Similarly, Rachita Taneja points out that the number of followers of the Sanitary Panels webcomic skyrocketed right after the Supreme Court case was announced.
Hoping to better control online content, Modi’s government drafted the Broadcasting Bill 2024. It would have defined all social media creators as “digital news broadcasters” and have given authorities the right to ban any content they judged inappropriate. The draft bill was widely criticized as a further threat to freedom of speech.
However, since the BJP failed to secure a majority at the elections in June, Prime Minister Modi now has to work with coalition partners and did not manage to pass the draft bill, which is now being reworked.
Still, many political commentators, journalists, artists, activists and comedians — including Kunal Kamra, one of India’s most popular standup comedians, who also faces a Supreme Court lawsuit — remain on their toes.
“I don’t think there’s such a thing as self-censorship,” says Rachita Taneja in “Drawing a Line.” “If you are facing threats of violence, if you are facing legal threats, and if you adapt in that kind of a climate, it’s not self-censorship, it’s censorship. Plain and simple.”
Despite the threats and censorship, Taneja plans to stay in her home country. “I love India too much,” she says. 
She sees it as unfair to even have to think about moving for safety reasons — immediately adding that she recognizes being in a position of privilege in Indian society, through the fact that she was born Hindu and upper caste, and having had access to a good education and world travel. “So I think that privilege also protects me to a certain extent.”

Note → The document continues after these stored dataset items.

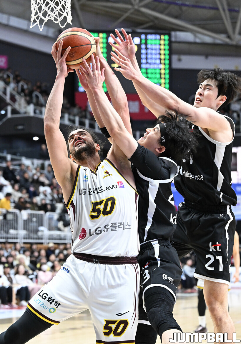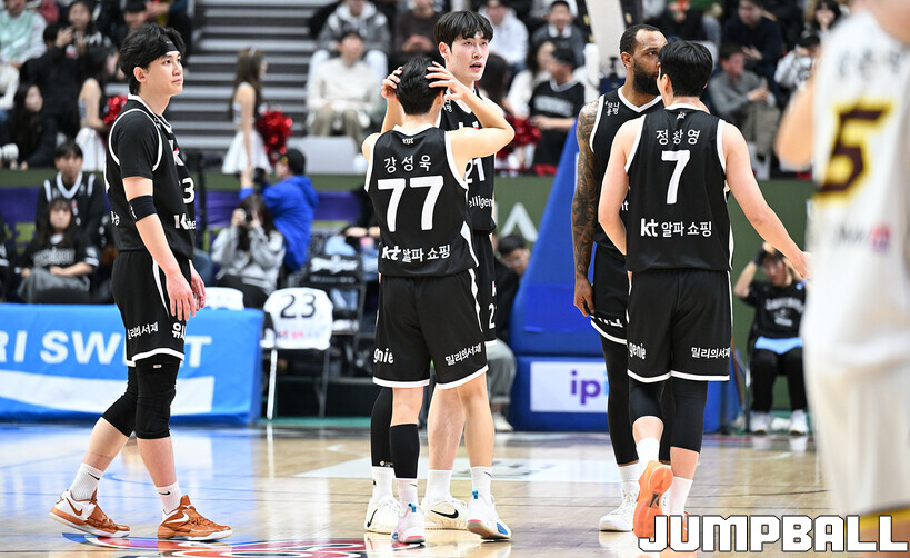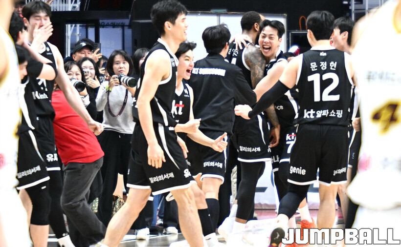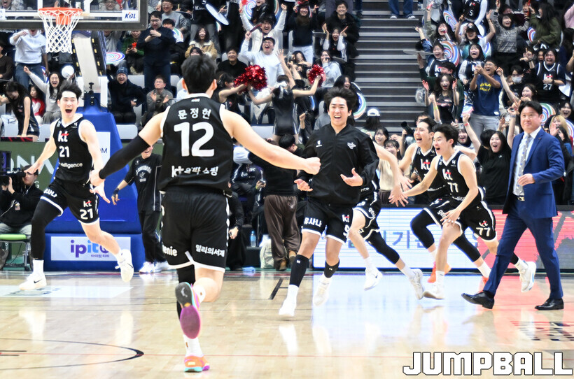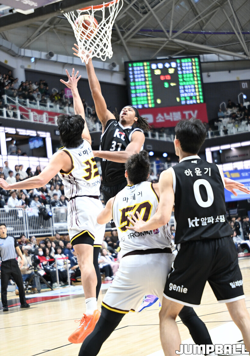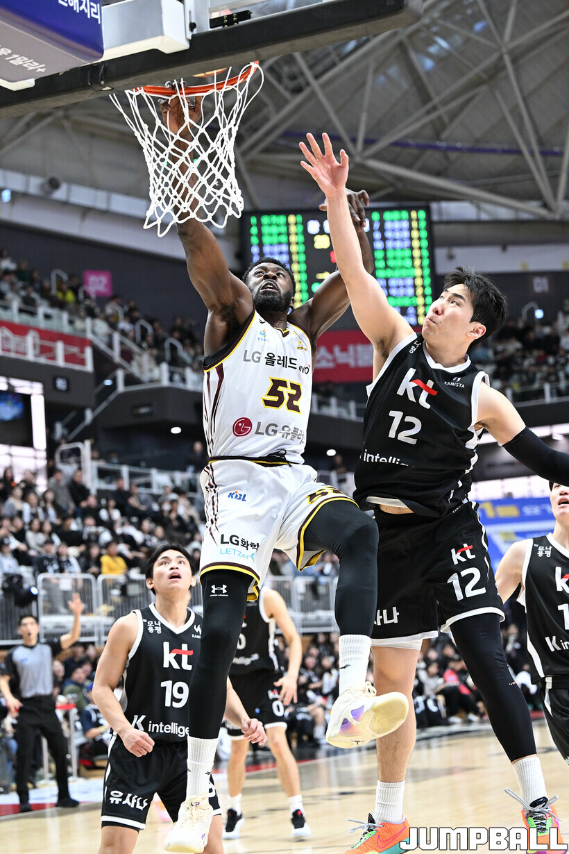 [점프볼=수원/문복주 기자] 수원 KT는 4일 수원 KT 소닉붐 아레나에서 2025-2026 LG전자 프로농구 정규시즌 창원 LG와 4라운드 맞대결에서 76-75로 승리했다. KT의 데릭 윌리엄스가 21점 5리바운드로 승리를 이끌고 특히 경기 종료 1.7초를 남기고 역전 위닝샷을 터트리며 주인공이 되었다.
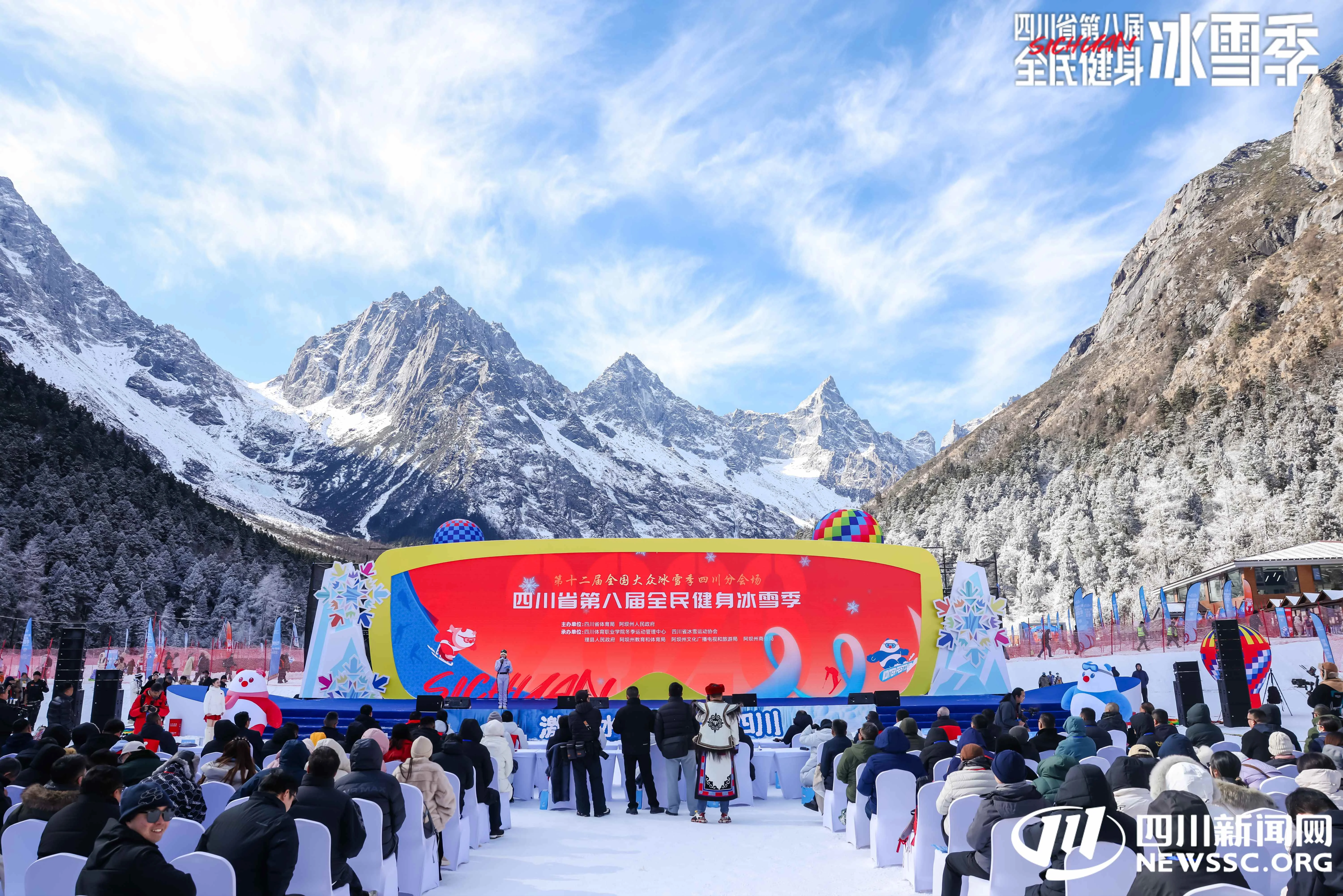 1月5日,当青藏高原东南缘的雪岭披上银装,当藏羌风情与冰雪激情撞个满怀,以“激情冰雪 活力四川”为主题的第十二届全国大众冰雪季(四川分会场)暨四川省第八届全民健身冰雪季,在阿坝州理县毕棚沟月亮湾滑雪场盛大启幕。
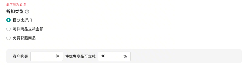 如果有多个多买优惠促销创建,买家只会看到的多买优惠促销与最低折扣。
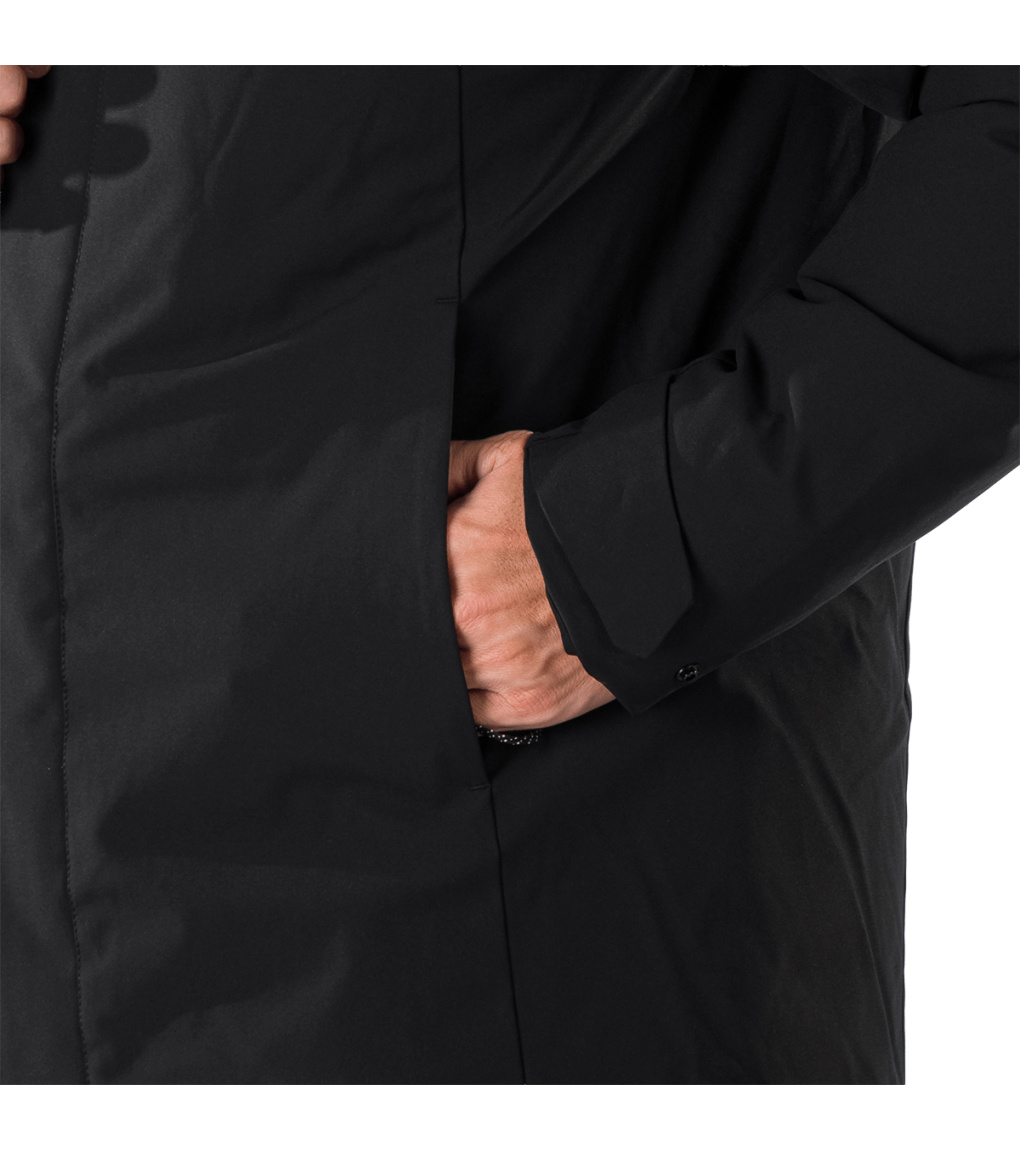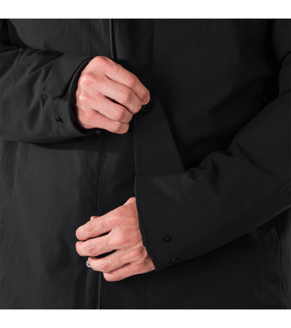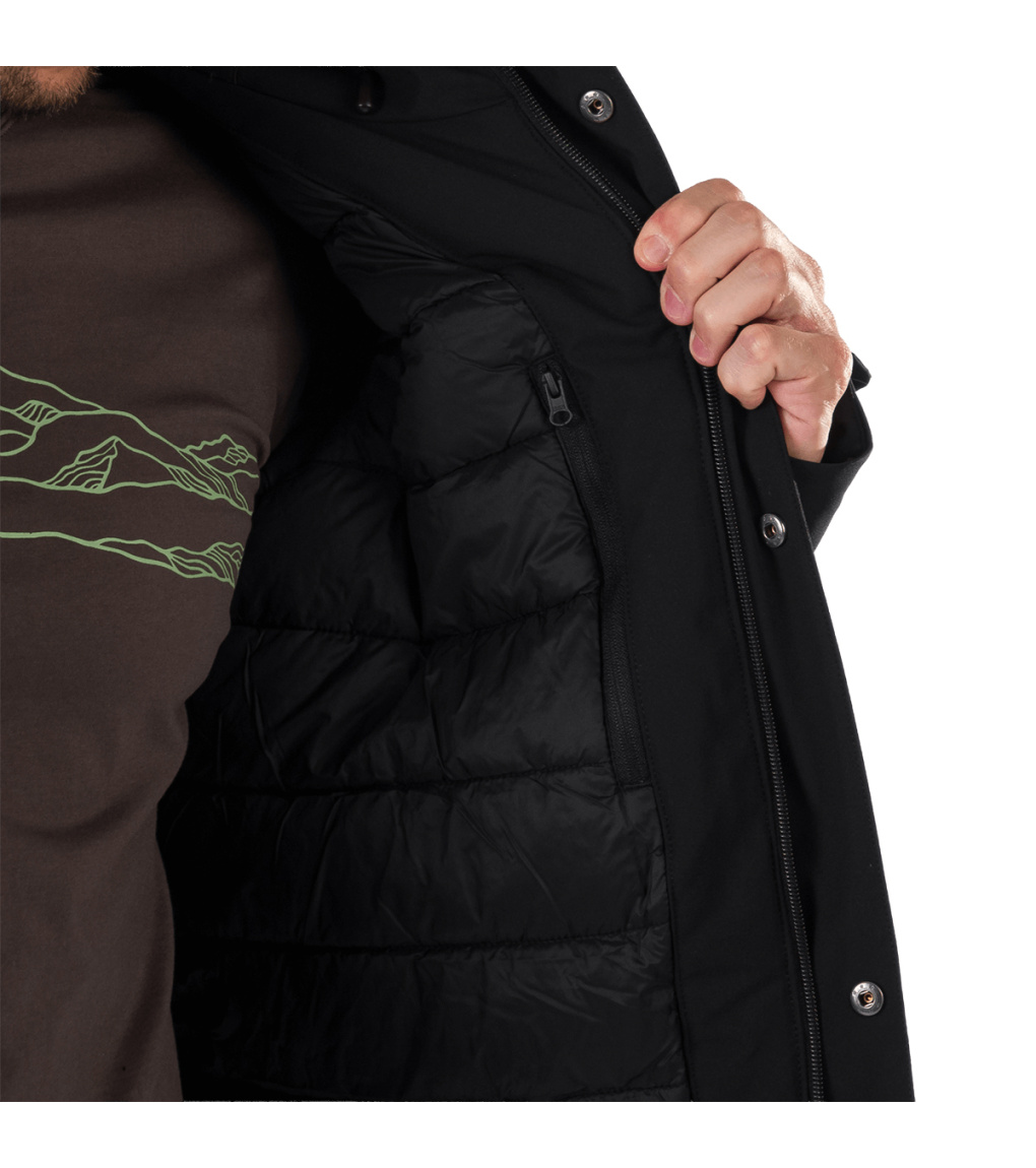 Pánský městský kabát JAKUB je zateplená parka, ideální do větrného a chladného počasí s možnými srážkami. Vrchní materiál je voděodolný, větruodolný a příjemně hřejivý díky mikrovláknové izolaci. Kabát má podlepené kritické švy pro vyšší odolnost vůči vlhkosti a disponuje dvěma předními kapsami na zip a hrudní kapsou. Rukávy jsou předtvarované a jejich obvod lze nastavit pomocí suchého zipu. Fixní 3D kapuce poskytne ochranu i během deště. Povrchová úprava WR bez PFC zvyšuje ekologickou hodnotu výrobku.
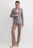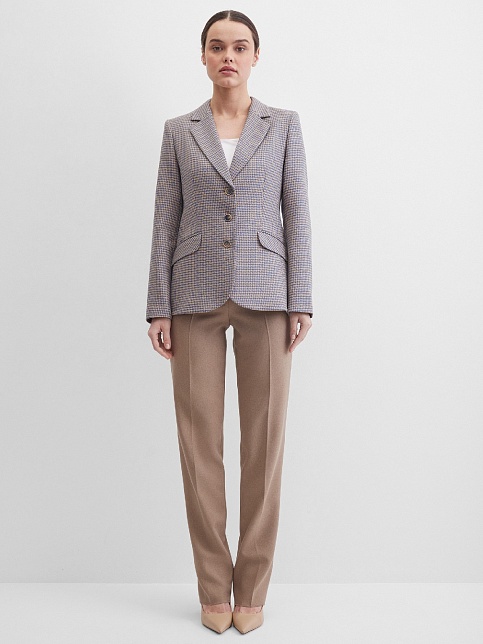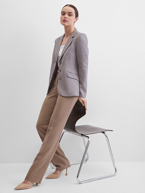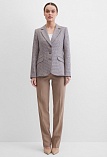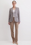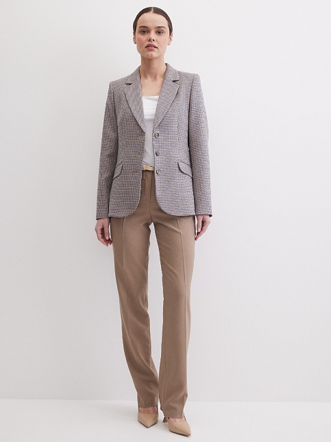 Классические брюки прямого кроя из поливискозной ткани в спокойном  бежевом оттенке для повседневного образа, удобная резинка по талии сзади  обеспечивает удобство и комфорт, не стесняя и не вызывая дискомфорта, шлевки под ремень, посадка средняя, застежка на молнию и пуговицу спереди, заутюженные стрелки, низ обработан от осыпания ткани, но не подогнут - это позволяет скорректировать длину брюк под свой рост, без подкладки и карманов.
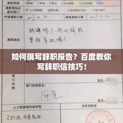 辞职,是职场生涯中不可避免的一部分,无论是因为寻求更好的发展机会,还是出于个人原因,撰写一份专业且得体的辞职报告都是非常重要的,如何在百度上找到灵感,撰写一份恰当的辞职报告呢?下面,让我们一起来探讨一下。
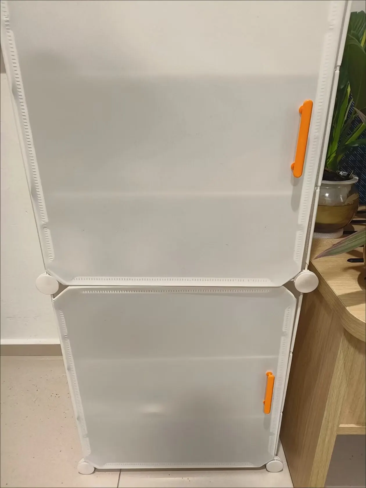 I’ve received the shoe cabinet. It was very easy to assemble, and it’s very sturdy and well-made, plus it keeps dust out. It doesn’t take up much space by the door, and it offers plenty of storage.
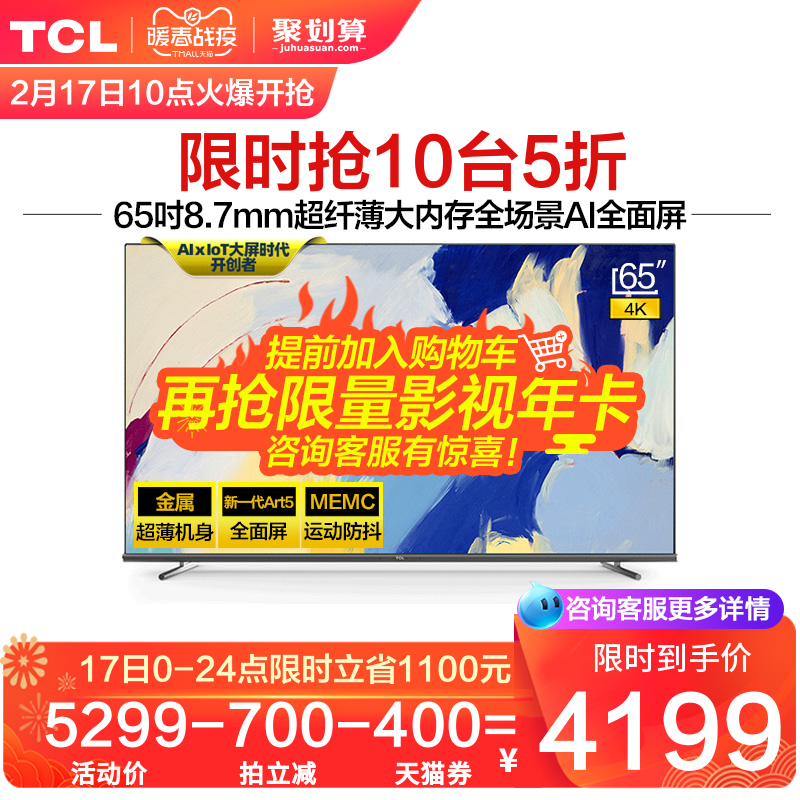 大家电:TCL 65Q6 65英寸4K高清智能全面屏网络平板液晶电视机官方优惠前价格:¥5299.00元(人民币)月销售:37件我是土豪,不需要优惠券…… 直接去下单!别拦我!!要不找卖家 ~ 天猫店 @TCL电视官方旗舰店 聊聊先吧?再多聊会儿就被抢光啦… 赶紧抢吧!~ ~ ~ ~ ~ ~ ~ ~ ~ ~ ~ ~ ~ ~ ~ ~ ~
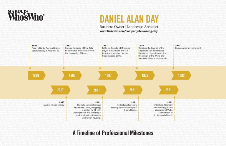 1939 Born to Daniel Day and Zaida Blackwell Day in Kokomo, IN. 1963 Earns a Bachelor of Fine Arts in landscape architecture from the University
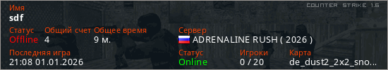 Играет на Counter Strike 1.6 сервере. Страна: РоссияПервый раз замечен 19:39 01.01.2026
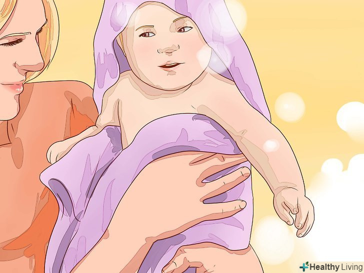 Витріть немовля насухо.промокніть спочатку тіло, потім переконайтеся, що сухо за вухами і у всіх складочках, щоб там не залишилося зайвої вологи. Постарайтеся максимально висушити волосся.- Пам'ятайте, що чисте волосся дитини сохнуть дуже швидко. Не використовуйте фен, в цьому немає необхідності, і це небезпечно.

And beyond giving a voice to those who don’t have as much privilege as she does, Sanitary Panels has become an essential part of Rachita Taneja’s life: “I would be more anxious if I didn’t make my comic. I think it’s a compulsion at this point. In order for me to process the world around me, I need to make comics. So I think it actually helps me think about and meditate on an issue and try to distill it into a comic.”
“Drawing a Line” will not be shown in India in order to protect Rachita Taneja and her documentary filmmaker, who works under the pen name Pana Sama. A final screening at the Berlin Human Rights Film Festival will take place on October 12.